Four years ago, there was a big victory when the Supreme Court sided with Malamud in a similar (but not identical) case regarding how the state of Georgia published its laws. In that case, Georgia partnered with a private publisher, Lexis Nexis, to publish the “Official Code of Georgia Annotated” and while Lexis would craft the “annotations,” the state of Georgia still considered the OCGA as the only truly “official” version of the law. When Malamud tried to publish his own version of the OCGA to make it more accessible, he was sued. But the Supreme Court made it clear that copyright cannot apply to “government edicts” and notes:
The animating principle behind this rule is that no one can own the law. “Every citizen is presumed to know the law,” and “it needs no argument to show . . . that all should have free access” to its contents.
Still, that did not get at the specific issue of “incorporation by reference” which is at the heart of some of Malamud’s other cases. Two years ago, there was a pretty big victory, noting that his publishing of standards that are “incorporated by reference” is fair use.
But industry standards bodies hate this, because often a large part of their own revenue stream comes from selling access to the standards they create, including those referenced by laws.
So they lobbied Congress to push this Pro Codes Act, which explicitly says that technical standards incorporated by reference retain copyright. To try to stave off criticism (and to mischaracterize the bill publicly), the law says that standards bodies retain the copyright if the standards body makes the standard available on a free publicly accessible online source.
A standard to which copyright protection subsists under section 102(a) at the time of its fixation shall retain such protection, notwithstanding that the standard is incorporated by reference, if the applicable standards development organization, within a reasonable period of time after obtaining actual or constructive notice that the standard has been incorporated by reference, makes all portions of the standard so incorporated publicly accessible online at no monetary cost.
They added this last part to head off criticism that the law is “locked up.” They say things like “see, under this law, the law has to be freely available online.”

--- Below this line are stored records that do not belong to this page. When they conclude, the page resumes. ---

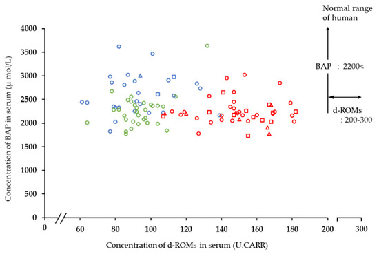 Comparison between diacron-reactive oxygen metabolite (d-ROM) and biological antioxidant potential (BAP) concentrations in serum of horses in an equestrian club in Shizuoka Prefecture and that of other animals (dairy cattle and dogs). Red symbols: horses in an equestrian club in Shizuoka Prefecture used in our study (circle: thoroughbred; square: pony; triangle: full-sized horses other than thoroughbred). Blue symbols: dairy cattle (circle: Holstein Friesian; triangle: Brown Swiss; square: Jersey). Green symbols: dogs.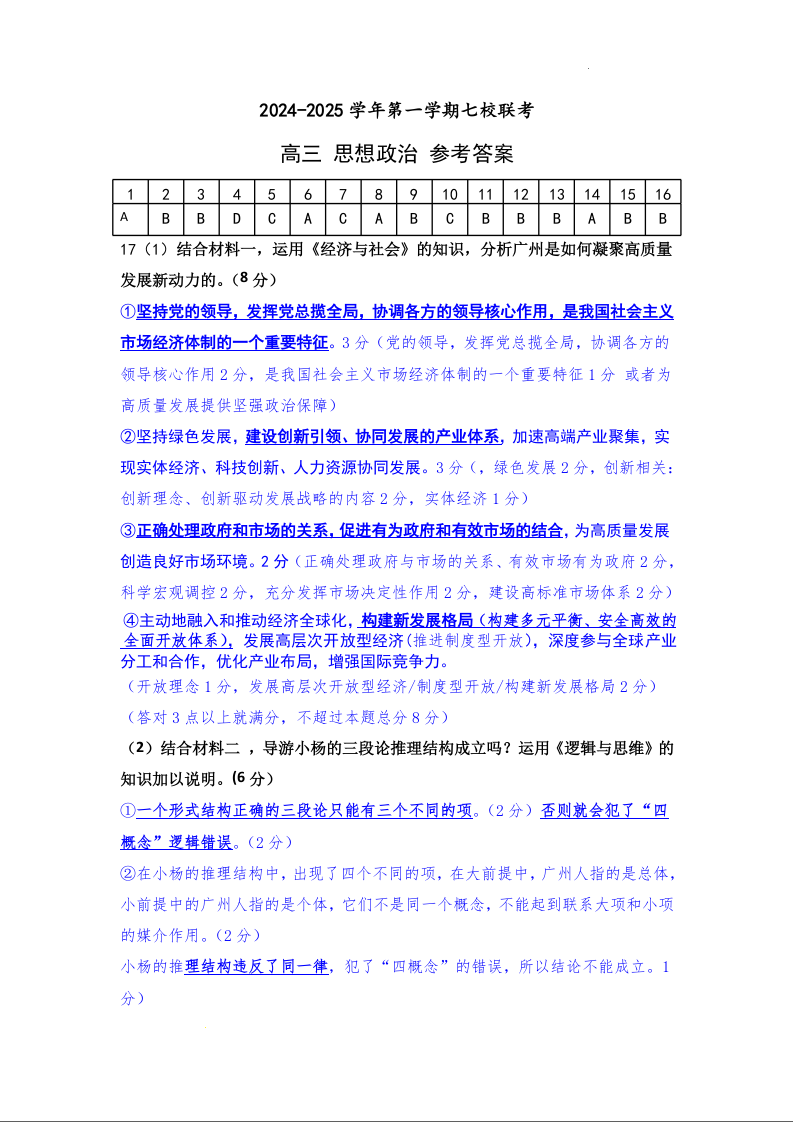 广东省东莞市七校联考2025届高三上学期12月月考政治答案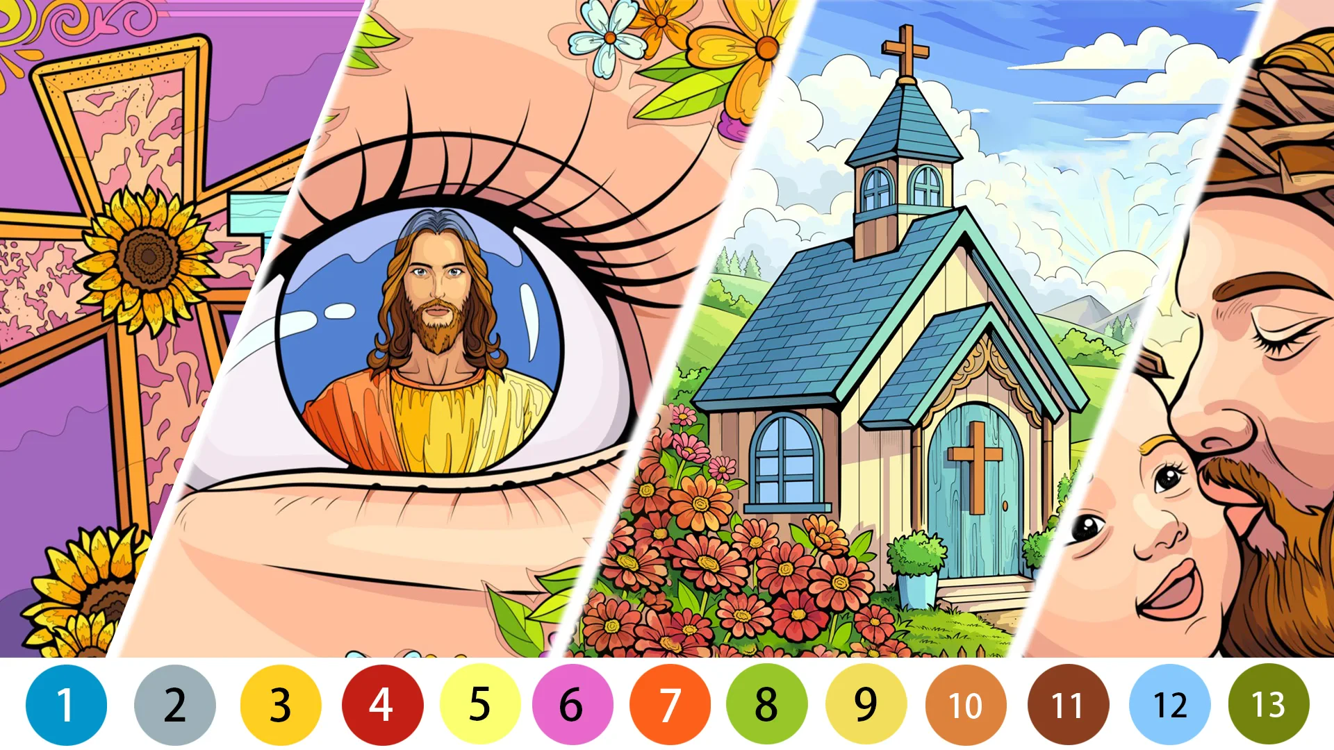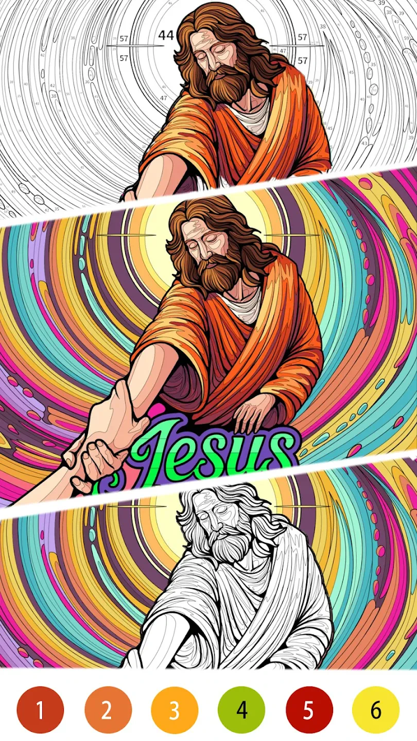 Bible Color Paint By Number is a relaxing puzzle game that combines classic paint-by-number mechanics with inspirational Bible verses. As a genre, it falls into the coloring and puzzle categories, offering a meditative experience with a spiritual twist. Its uniqueness comes from linking each numbered image to Bible verses, making each coloring session a devotional journey.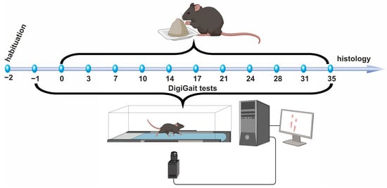Gait parameters were assessed using the DigiGait™ imaging system along with the DigiGait™ 15.0 analysis software (Mouse Specifics, Inc.; Quincy, MA, MA) as previously published by our group [33,34]. The DigiGait™ apparatus consists of a clear plastic treadmill with a high-speed under-mounted digital camera (frames/s, Basler Technologies Inc., Ahrensburg, Germany) used for imaging paw prints during running. Animals were habituated to the machine 1 day prior to testing (compare Figure 1). The minimal duration of each video sequence required for subsequent footprint analyses was 5 s, which has been shown to be sufficient for reliable gait analyses in mice [37]. The velocity of the treadmill belt was 15 cm/s. Images were collected at a rate of 181 frames/s and stored as audio–video interleaved (AVI) files for later blinded analyses. To improve the contrast for automated footprint analysis, the tails of the mice were colored with black dye. The treadmill belt was cleaned with 70% (v/v) ethanol between each animal testing. The image analysis software digitally encoded the individual paw area and position relative to the tread-belt. Each paw of the animal was treated as a unique signature so that later analyses of foot movements could be performed on separate limbs. The DigiGait™ analysis software subsequently computed a variety of gait parameters for the fore limbs and for the hind limbs of each animal [33,34,37].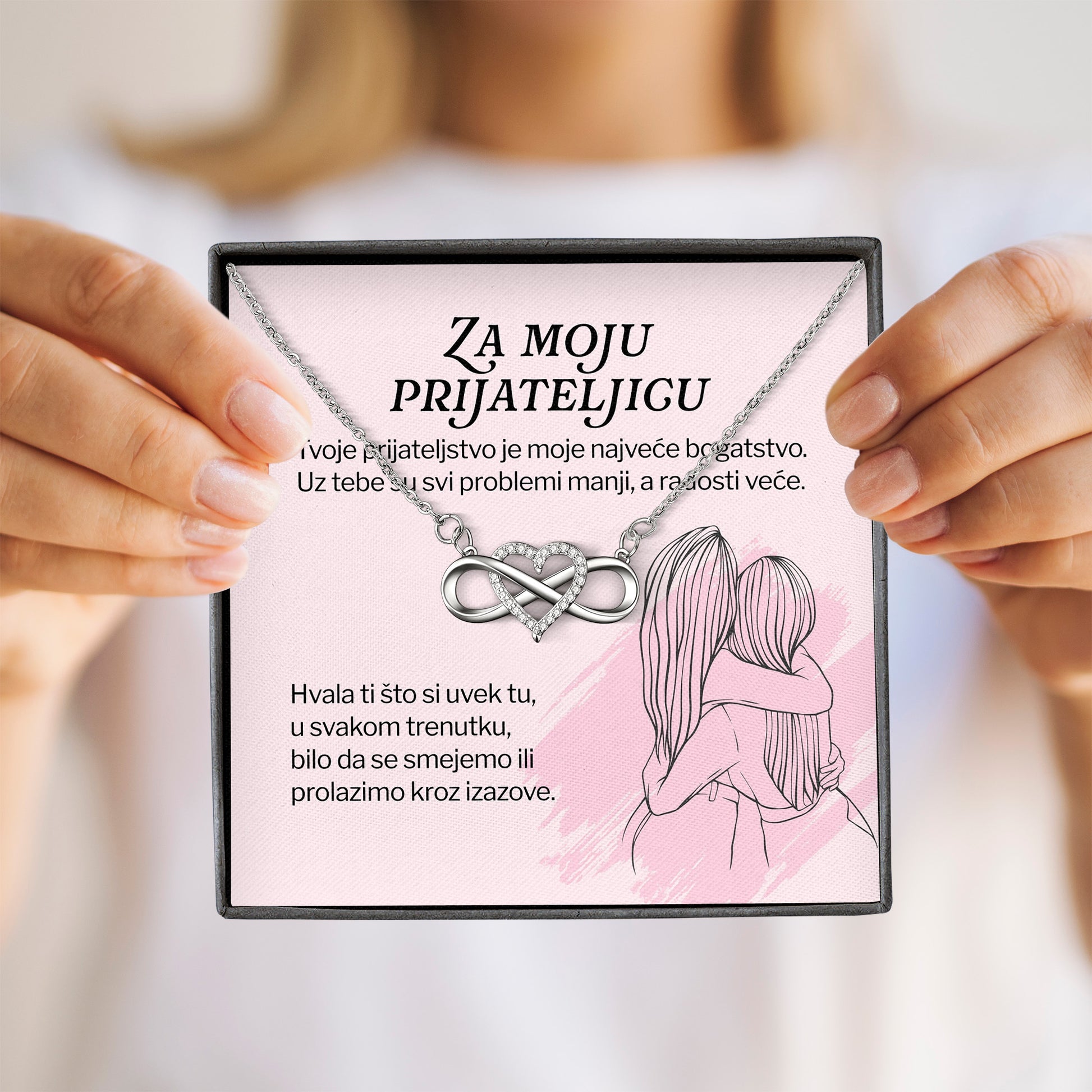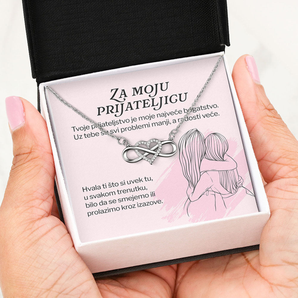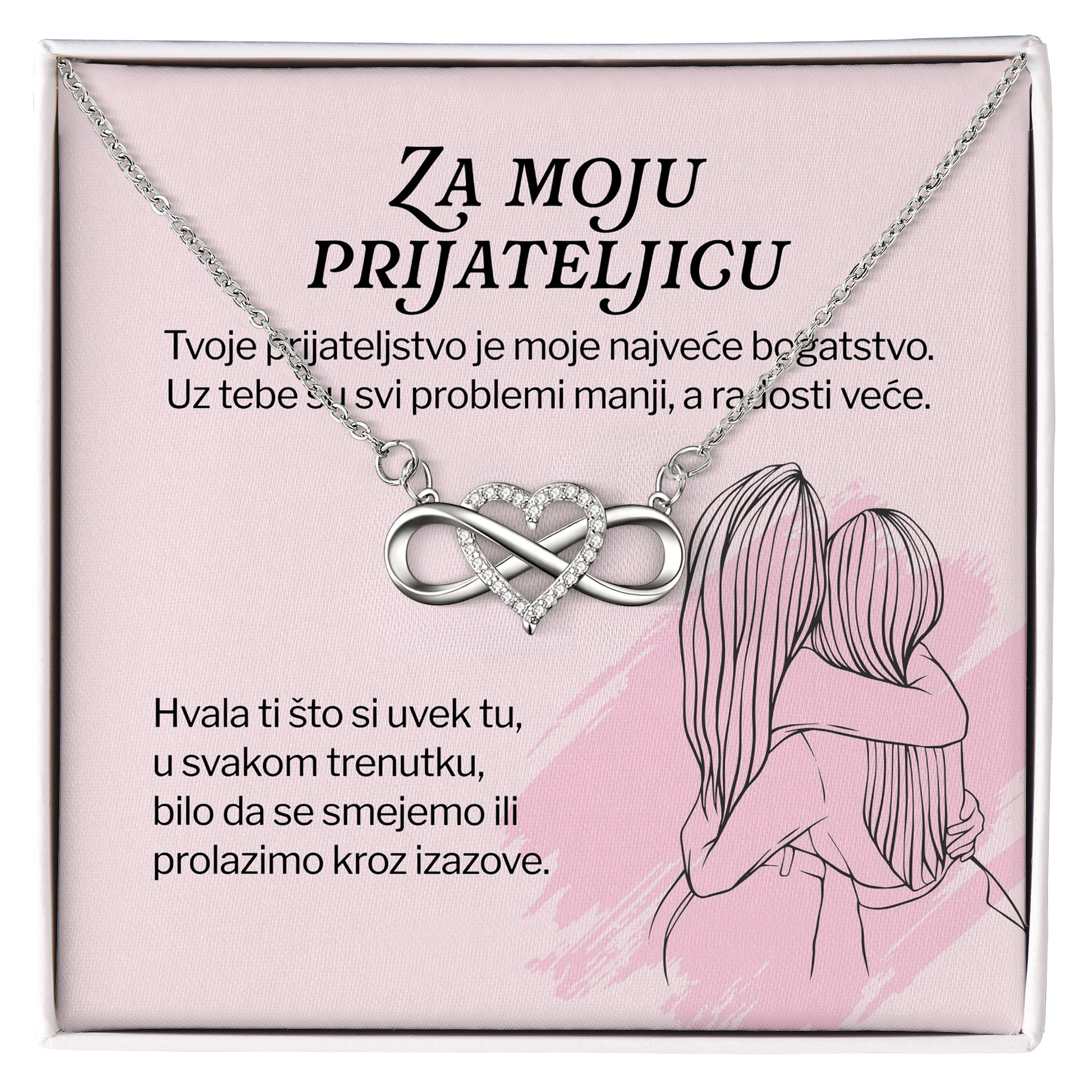 Oduševite svoju prijateljicu jedinstvenim poklonom koji nosi trajnu poruku ljubavi – ogrlica od visokokvalitetnog nerđajućeg čelika.

But that’s missing the point. It still means that the law itself is only available from one source, in one format. And while it has to be “publicly accessible online at no monetary cost,” that does not mean that it has to be publicly accessible in an easy or useful manner. It does not mean that there won’t be limitations on access or usage.
It is locking up the law.
But, because the law says that those standards must be released online free of cost, it allows the supporters of this law, like Issa, to falsely portray the law as “enhancing public access” to the laws.
That’s a lie.
If we recognize standards incorporated by reference as being public domain, that enhances access. It allows the law to be published and shared by anyone. It allows the law to be presented in different formats and systems and in ways that are actually useful to more people, rather than relying on the one single source (the one who often has incentives to make it limited and hard to access, buried behind questionable terms of service).
On top of that, the idea that this law belongs in the NDAA is ludicrous. It flies in the face of the very fundamental concept that “no one can own the law,” as the Supreme Court itself recently said. And to try and shove it into a must pass bill about funding the military is just ridiculously cynical, while demonstrating that its backers know it can’t pass through regular process.
Instead, this is an attempt by Congress to say, yes, some companies do get to own the law, so long as they put up a limited, difficult to use website by which you can see parts of the law.
Library groups and civil society groups are pushing back on this (disclaimer: we signed onto this letter). Please add your voice and tell Congress not to lock up the law.